Skip the images and print the listing exactly.

* Provided material:
((
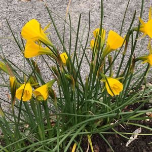 ナルキッスス バルボコディウム ペチコートスイセンというらしい。 道端に突然あってびっくりです。どうやってここに生えたのか❓
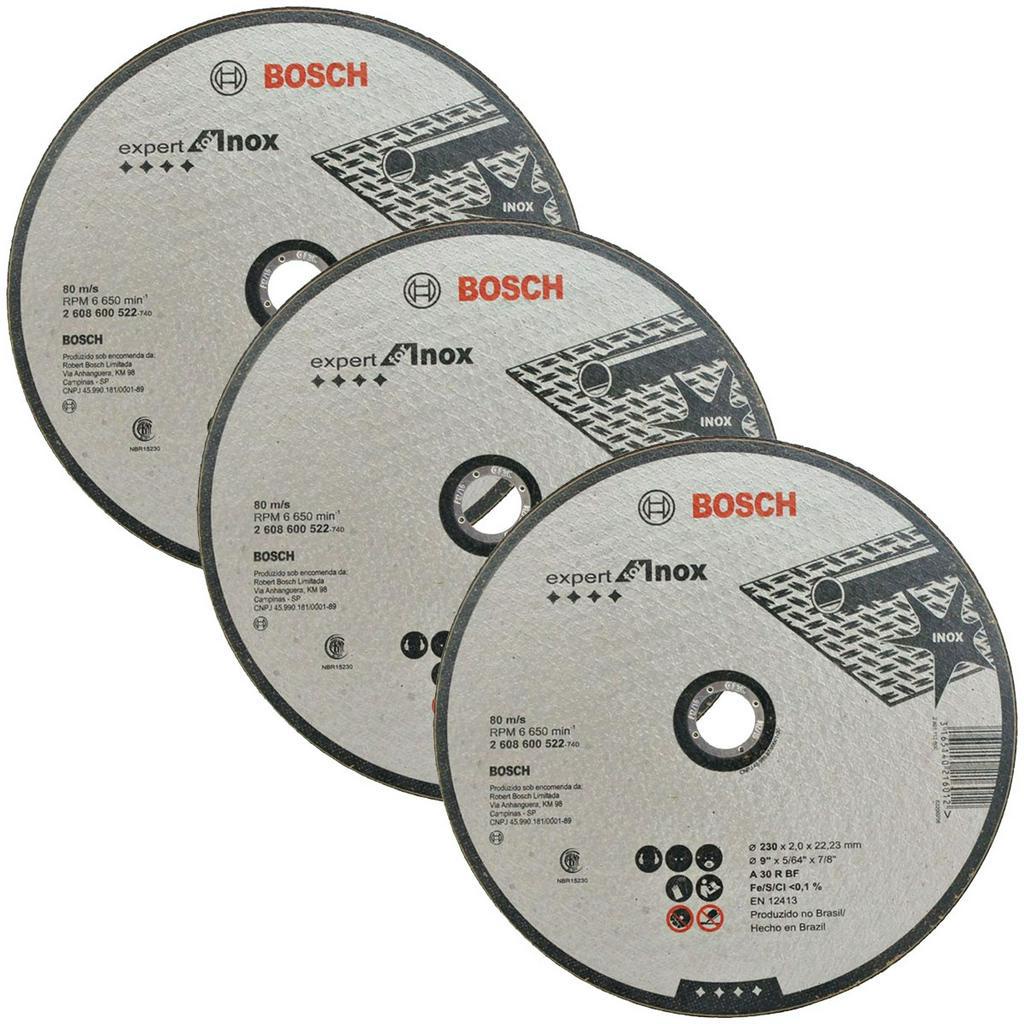 Discos de Corte 230mm p/ Inox Bosch Kit com 3 Expert for Inox 9"
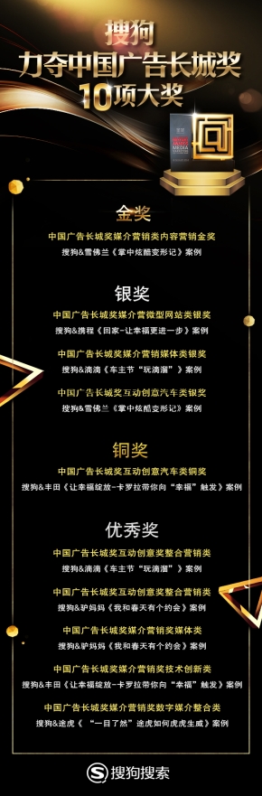10月22-24日,第24屆中國國際廣告節(jié)在長沙隆重舉行。被業(yè)界譽(yù)為“廣告賽事之泰山”的中國廣告長城獎頒獎典禮也如約而至。搜狗本次一舉斬獲10項(xiàng)大獎。其中,搜狗&雪佛蘭共同打造的《掌中炫酷變形記》案例,勇奪2017中國廣告長城獎媒介營銷類金獎。搜狗商業(yè)市場部總經(jīng)理馬艷玲也應(yīng)邀出席本次大會, 為大家?guī)砭实摹癆I ,讓營銷更智能”主題演講。
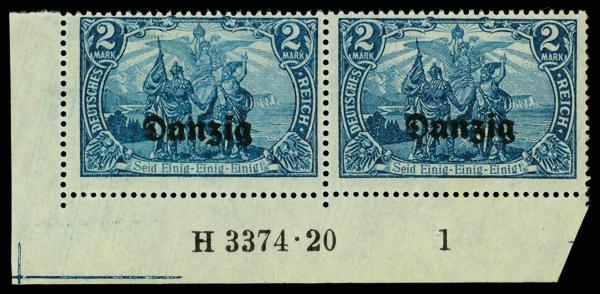 1920, Germany 2m blue 'Danzig' overprint (Scott 11), corner margin pair with HAN A#, o.g., never hinged, Fine. Michel Mi11a; €100 ($110). (Image)
))
* Response area:
 ナルキッスス バルボコディウム ペチコートスイセンというらしい。 道端に突然あってびっくりです。どうやってここに生えたのか❓
 Discos de Corte 230mm p/ Inox Bosch Kit com 3 Expert for Inox 9"
10月22-24日,第24屆中國國際廣告節(jié)在長沙隆重舉行。被業(yè)界譽(yù)為“廣告賽事之泰山”的中國廣告長城獎頒獎典禮也如約而至。搜狗本次一舉斬獲10項(xiàng)大獎。其中,搜狗&雪佛蘭共同打造的《掌中炫酷變形記》案例,勇奪2017中國廣告長城獎媒介營銷類金獎。搜狗商業(yè)市場部總經(jīng)理馬艷玲也應(yīng)邀出席本次大會, 為大家?guī)砭实摹癆I ,讓營銷更智能”主題演講。
 1920, Germany 2m blue 'Danzig' overprint (Scott 11), corner margin pair with HAN A#, o.g., never hinged, Fine. Michel Mi11a; €100 ($110). (Image)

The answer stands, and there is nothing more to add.